Start of Block
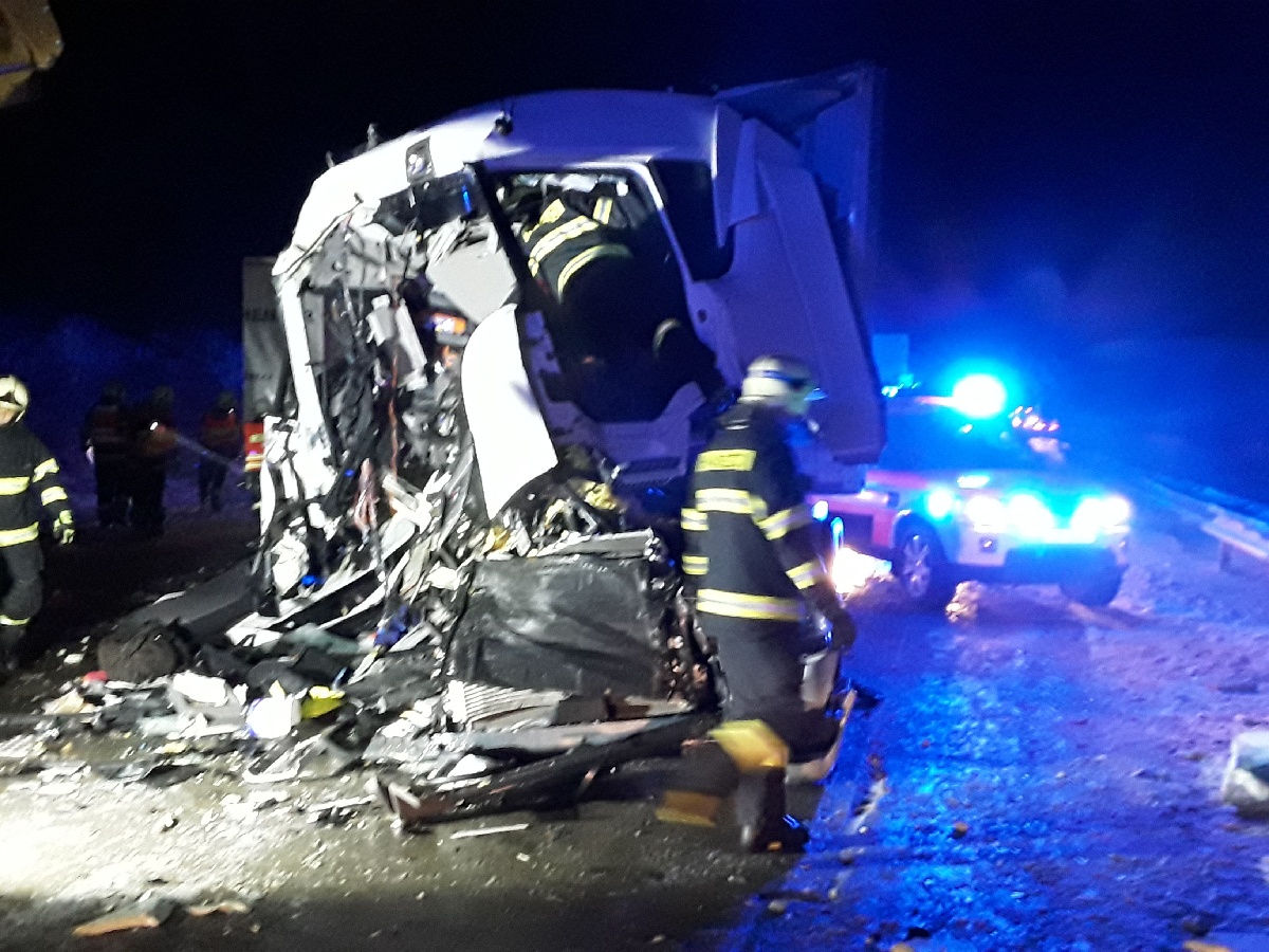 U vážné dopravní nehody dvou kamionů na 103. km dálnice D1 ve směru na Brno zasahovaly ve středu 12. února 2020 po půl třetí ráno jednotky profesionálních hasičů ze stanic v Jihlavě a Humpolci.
End of Block
Start of Block
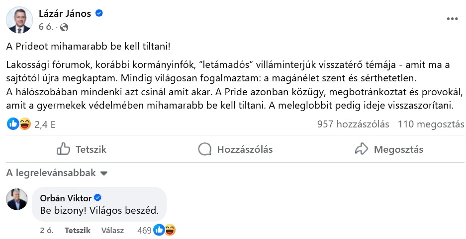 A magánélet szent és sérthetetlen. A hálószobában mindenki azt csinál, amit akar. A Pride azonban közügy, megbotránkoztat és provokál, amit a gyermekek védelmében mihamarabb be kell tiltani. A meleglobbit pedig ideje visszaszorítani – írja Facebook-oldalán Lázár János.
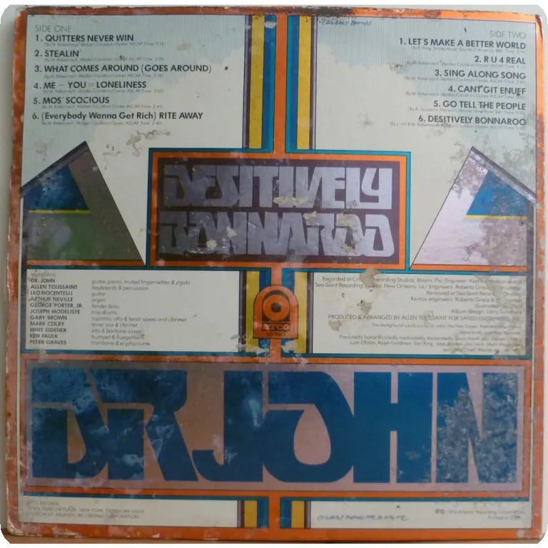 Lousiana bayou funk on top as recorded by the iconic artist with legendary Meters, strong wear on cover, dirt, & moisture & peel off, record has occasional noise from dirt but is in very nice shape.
End of Block
Start of Block
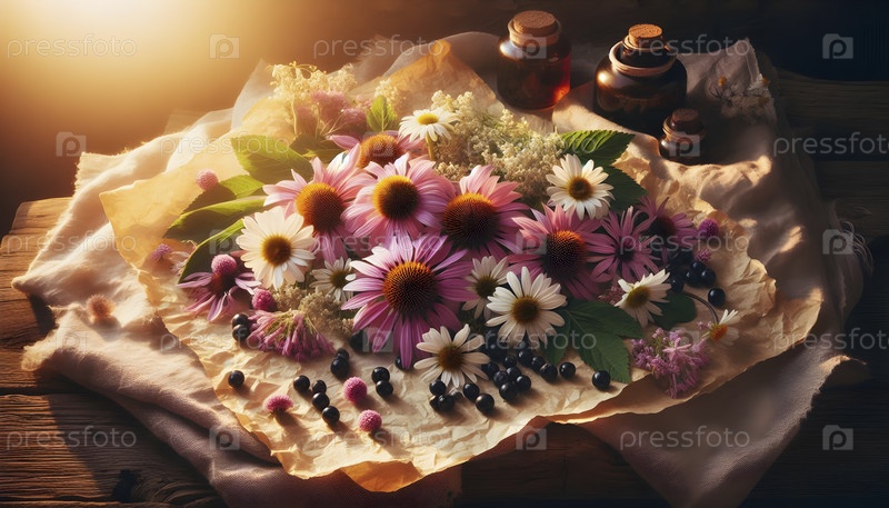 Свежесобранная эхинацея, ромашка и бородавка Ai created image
End of Block
## What the task requires
In the entries above, which lines run from the one with "A magánélet szent" up to and including the one with "Lousiana bayou funk"? Write them out exactly, without the pictures.

## Solution to this exercise
 A magánélet szent és sérthetetlen. A hálószobában mindenki azt csinál, amit akar. A Pride azonban közügy, megbotránkoztat és provokál, amit a gyermekek védelmében mihamarabb be kell tiltani. A meleglobbit pedig ideje visszaszorítani – írja Facebook-oldalán Lázár János.
 Lousiana bayou funk on top as recorded by the iconic artist with legendary Meters, strong wear on cover, dirt, & moisture & peel off, record has occasional noise from dirt but is in very nice shape.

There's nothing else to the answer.